We’ve all been there. It’s Saturday afternoon, you fancy doing a bit of shopping and having a bite to eat at that new coffee shop that just opened on your high street. But before you can relax, you could really do with a new coat. After an hour, you have visited four stores and haven’t seen anything that catches your eye, but then you walk into a shop you have never seen before…
The staff are friendly and ask you how your day is going. It’s going well! It’s Saturday, there are several coats in here that look fantastic and you will soon be relaxing on a comfy sofa with your latte. A helpful sales assistant called Lucy accompanies you to the fitting room, carrying the coats for you. You try them on; she chats to you and agrees that the navy one looks just awesome. You are feeling good, really good!
Now it’s time to pay, and everything changes. You got too hot in the changing room, you’re thirsty, you’re tired, and suddenly you just want to get to that coffee shop NOW. You need Lucy to wrap your coat, to take your card, process your purchase, and do everything efficiently so you can get out of there FAST, but the till spits out your card, the barcode doesn’t scan and they only have tiny carrier bags.
Does this sound familiar?
Well, today Amazon opened their first check-out free grocery shop in Seattle, called Amazon Go, which should take all the pain out of shopping.
The concept relies on customers using an Amazon Go smartphone app and passing through a turnstile to enter the store. Once you have selected items from the shelves and exited through the turnstile, you are automatically charged for all purchases. Cameras and sensors keep a check on what customers keep and what they put back to make sure you are only charged for items you keep. Is this the shape of retail to come?

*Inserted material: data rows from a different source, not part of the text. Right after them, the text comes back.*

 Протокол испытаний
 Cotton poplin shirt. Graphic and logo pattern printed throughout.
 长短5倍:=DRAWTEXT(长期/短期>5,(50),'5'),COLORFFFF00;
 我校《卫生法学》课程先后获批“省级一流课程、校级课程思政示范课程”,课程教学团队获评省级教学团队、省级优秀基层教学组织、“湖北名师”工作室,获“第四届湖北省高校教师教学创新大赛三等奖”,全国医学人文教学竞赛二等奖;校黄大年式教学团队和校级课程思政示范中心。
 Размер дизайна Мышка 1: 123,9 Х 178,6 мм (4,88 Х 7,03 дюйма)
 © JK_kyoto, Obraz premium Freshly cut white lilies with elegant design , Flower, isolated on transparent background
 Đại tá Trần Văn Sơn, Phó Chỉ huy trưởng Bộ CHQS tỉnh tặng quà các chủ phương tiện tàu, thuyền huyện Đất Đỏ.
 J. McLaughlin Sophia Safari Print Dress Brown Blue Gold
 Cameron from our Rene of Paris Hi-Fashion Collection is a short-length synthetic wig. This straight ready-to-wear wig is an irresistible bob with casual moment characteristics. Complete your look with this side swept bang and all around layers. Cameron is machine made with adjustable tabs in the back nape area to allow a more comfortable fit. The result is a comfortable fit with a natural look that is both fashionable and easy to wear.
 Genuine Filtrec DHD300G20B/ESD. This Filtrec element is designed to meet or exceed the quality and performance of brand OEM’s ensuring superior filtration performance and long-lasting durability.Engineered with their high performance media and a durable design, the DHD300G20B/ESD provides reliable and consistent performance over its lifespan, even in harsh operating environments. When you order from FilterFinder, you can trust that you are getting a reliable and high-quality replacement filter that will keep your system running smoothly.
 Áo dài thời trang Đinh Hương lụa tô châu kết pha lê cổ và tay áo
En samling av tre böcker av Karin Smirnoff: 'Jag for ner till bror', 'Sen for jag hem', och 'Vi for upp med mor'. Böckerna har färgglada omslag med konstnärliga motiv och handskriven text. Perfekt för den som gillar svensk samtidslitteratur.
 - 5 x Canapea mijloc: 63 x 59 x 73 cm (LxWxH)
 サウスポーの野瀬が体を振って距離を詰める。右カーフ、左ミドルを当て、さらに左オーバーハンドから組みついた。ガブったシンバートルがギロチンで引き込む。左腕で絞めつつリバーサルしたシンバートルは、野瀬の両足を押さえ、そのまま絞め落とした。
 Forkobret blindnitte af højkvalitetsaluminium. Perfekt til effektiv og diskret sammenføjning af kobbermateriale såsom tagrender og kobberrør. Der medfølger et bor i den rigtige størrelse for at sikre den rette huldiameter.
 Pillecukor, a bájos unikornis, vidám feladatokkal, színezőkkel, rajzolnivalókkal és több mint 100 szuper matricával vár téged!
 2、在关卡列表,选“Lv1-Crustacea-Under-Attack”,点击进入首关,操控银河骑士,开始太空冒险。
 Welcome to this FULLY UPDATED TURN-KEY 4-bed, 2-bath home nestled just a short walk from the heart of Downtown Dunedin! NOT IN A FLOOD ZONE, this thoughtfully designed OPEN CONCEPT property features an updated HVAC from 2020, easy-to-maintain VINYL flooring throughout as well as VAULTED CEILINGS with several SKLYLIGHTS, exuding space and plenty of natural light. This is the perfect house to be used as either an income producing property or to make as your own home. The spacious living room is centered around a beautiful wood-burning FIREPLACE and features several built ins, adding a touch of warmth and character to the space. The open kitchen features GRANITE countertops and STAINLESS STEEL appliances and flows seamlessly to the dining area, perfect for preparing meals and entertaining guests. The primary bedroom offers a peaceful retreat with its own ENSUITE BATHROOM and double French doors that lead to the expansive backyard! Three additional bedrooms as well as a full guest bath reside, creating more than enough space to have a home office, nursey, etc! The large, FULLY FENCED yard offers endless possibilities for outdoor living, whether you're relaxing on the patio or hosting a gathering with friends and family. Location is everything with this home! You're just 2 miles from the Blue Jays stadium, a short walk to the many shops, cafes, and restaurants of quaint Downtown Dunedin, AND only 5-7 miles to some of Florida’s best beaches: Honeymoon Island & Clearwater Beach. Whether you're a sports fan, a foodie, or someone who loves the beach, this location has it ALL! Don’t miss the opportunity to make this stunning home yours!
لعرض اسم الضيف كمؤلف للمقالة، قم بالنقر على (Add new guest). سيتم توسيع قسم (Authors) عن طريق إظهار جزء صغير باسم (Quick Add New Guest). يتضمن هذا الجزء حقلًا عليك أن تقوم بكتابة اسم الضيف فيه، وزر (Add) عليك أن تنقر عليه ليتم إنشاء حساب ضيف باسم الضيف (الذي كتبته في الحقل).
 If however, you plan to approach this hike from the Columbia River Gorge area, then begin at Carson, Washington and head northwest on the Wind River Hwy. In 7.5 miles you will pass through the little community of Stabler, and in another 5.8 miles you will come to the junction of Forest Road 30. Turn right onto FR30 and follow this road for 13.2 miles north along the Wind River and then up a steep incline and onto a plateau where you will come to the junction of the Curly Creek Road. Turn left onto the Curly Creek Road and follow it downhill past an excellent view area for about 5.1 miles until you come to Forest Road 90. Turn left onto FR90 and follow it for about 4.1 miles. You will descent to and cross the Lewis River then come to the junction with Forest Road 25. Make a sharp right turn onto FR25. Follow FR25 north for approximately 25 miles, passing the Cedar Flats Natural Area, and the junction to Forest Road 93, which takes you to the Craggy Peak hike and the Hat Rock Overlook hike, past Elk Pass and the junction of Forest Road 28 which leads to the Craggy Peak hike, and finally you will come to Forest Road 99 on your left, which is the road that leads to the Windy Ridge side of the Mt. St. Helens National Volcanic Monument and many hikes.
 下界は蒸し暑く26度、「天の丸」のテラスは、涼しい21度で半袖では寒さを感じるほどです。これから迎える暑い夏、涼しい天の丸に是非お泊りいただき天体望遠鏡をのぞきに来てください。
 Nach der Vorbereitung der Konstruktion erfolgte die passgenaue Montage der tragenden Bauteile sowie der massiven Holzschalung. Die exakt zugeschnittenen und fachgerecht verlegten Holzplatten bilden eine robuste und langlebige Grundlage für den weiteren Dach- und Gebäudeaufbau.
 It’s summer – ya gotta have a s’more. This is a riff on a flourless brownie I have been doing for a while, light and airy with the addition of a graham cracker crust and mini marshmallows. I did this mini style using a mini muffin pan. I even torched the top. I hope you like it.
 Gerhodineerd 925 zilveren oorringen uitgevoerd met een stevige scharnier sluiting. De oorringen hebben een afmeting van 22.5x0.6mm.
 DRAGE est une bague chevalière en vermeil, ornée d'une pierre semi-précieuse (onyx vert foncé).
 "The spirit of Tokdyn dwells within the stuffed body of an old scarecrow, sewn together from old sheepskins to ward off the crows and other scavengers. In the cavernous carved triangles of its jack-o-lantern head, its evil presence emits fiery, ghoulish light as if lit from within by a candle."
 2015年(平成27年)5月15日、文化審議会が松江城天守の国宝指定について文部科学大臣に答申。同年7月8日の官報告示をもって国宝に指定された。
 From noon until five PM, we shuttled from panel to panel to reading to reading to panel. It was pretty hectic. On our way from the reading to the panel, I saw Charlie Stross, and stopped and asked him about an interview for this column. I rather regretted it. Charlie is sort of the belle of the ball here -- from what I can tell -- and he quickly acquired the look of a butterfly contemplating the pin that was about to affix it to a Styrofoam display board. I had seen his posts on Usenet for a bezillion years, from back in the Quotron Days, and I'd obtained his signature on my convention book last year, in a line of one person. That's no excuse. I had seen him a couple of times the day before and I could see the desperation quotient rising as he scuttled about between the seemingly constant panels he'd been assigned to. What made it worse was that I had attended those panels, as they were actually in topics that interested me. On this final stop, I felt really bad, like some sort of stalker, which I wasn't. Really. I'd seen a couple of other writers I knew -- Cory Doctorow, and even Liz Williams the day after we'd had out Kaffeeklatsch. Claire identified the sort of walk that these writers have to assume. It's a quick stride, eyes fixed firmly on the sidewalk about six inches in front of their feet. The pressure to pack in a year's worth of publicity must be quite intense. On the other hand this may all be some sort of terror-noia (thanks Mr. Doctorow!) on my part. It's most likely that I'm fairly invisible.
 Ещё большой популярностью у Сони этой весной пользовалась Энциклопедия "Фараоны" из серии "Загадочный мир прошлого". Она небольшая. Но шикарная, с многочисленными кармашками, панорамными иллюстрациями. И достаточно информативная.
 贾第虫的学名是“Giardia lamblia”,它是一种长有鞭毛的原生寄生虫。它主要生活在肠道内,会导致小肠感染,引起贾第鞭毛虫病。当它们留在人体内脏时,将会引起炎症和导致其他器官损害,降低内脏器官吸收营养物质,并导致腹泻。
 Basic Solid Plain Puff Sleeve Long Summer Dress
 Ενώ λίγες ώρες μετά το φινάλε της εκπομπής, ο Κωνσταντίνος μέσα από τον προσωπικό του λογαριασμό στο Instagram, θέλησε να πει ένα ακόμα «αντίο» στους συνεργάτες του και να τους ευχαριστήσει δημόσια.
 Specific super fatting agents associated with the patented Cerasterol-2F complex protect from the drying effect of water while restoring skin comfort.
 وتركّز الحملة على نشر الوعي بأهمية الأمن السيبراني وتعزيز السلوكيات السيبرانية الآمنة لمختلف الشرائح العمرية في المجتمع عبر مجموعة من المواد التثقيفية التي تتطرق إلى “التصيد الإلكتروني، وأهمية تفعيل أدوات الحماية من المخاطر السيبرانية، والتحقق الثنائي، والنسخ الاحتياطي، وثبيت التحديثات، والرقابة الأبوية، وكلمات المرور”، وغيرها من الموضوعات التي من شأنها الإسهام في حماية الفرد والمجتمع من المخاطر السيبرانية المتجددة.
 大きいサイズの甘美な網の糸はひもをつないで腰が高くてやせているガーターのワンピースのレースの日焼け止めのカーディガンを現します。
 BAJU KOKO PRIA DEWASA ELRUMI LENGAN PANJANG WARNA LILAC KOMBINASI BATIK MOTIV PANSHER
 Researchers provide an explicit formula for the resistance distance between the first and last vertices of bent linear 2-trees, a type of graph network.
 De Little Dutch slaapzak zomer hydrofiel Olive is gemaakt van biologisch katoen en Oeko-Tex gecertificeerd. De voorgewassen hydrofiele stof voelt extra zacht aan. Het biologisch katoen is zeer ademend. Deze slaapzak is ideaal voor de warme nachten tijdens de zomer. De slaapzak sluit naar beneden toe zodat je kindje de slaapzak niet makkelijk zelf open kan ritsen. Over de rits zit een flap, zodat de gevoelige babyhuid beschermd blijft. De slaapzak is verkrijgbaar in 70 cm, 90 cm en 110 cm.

There are clear advantages in speeding up the purchasing process and increasing convenience but one of the joys of being human is to be slightly unpredictable and right now this high-tech new system has to contend with children causing accidental chaos by picking up items and putting them back in the wrong places. We know that, even though technology is leading the way, interaction with other humans is essential for our well-being and a big factor in making us feel good. Historically much of the appeal of retail and leisure destinations is down to the people we meet, so keep an eye on the development of this latest disruptive retail event to see how technology and humans come together.